Recorded information
________________________

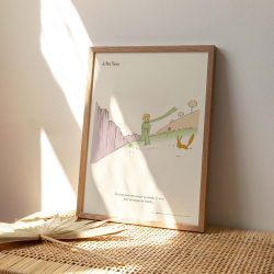 Official art edition printed on 220g cream laid paper. Frame not provided. Each poster has a dry stamp at the bottom right attesting to its authenticity. Printed in France. Reproduction of an illustration from the work of Antoine de Saint-Exupéry: The Little Prince and the Fox playing.
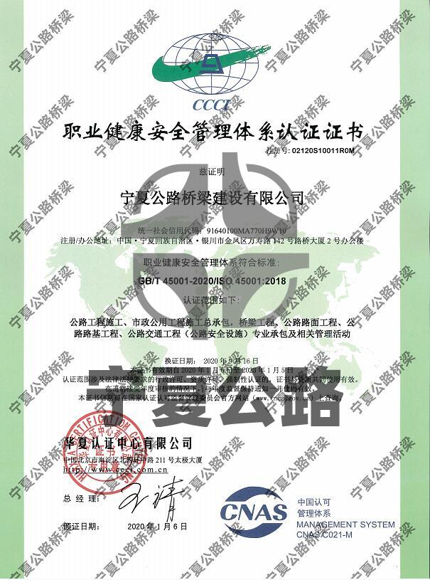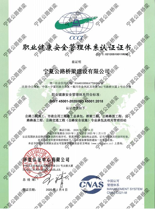 寧夏公路橋梁建設(shè)有限公司職業(yè)健康安全管理體系認(rèn)證證書
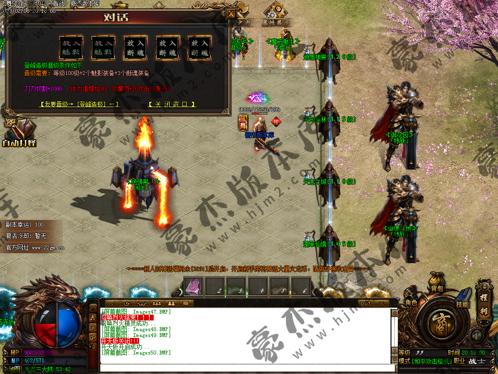 ⒈ 渡劫:纯元宝升级,共十劫,满渡劫修炼半月弯刀,刷元宝火龙币超快!

________________________

Exactly as written, copy out the listing, but without any pictures.

 Official art edition printed on 220g cream laid paper. Frame not provided. Each poster has a dry stamp at the bottom right attesting to its authenticity. Printed in France. Reproduction of an illustration from the work of Antoine de Saint-Exupéry: The Little Prince and the Fox playing.
 寧夏公路橋梁建設(shè)有限公司職業(yè)健康安全管理體系認(rèn)證證書
 ⒈ 渡劫:纯元宝升级,共十劫,满渡劫修炼半月弯刀,刷元宝火龙币超快!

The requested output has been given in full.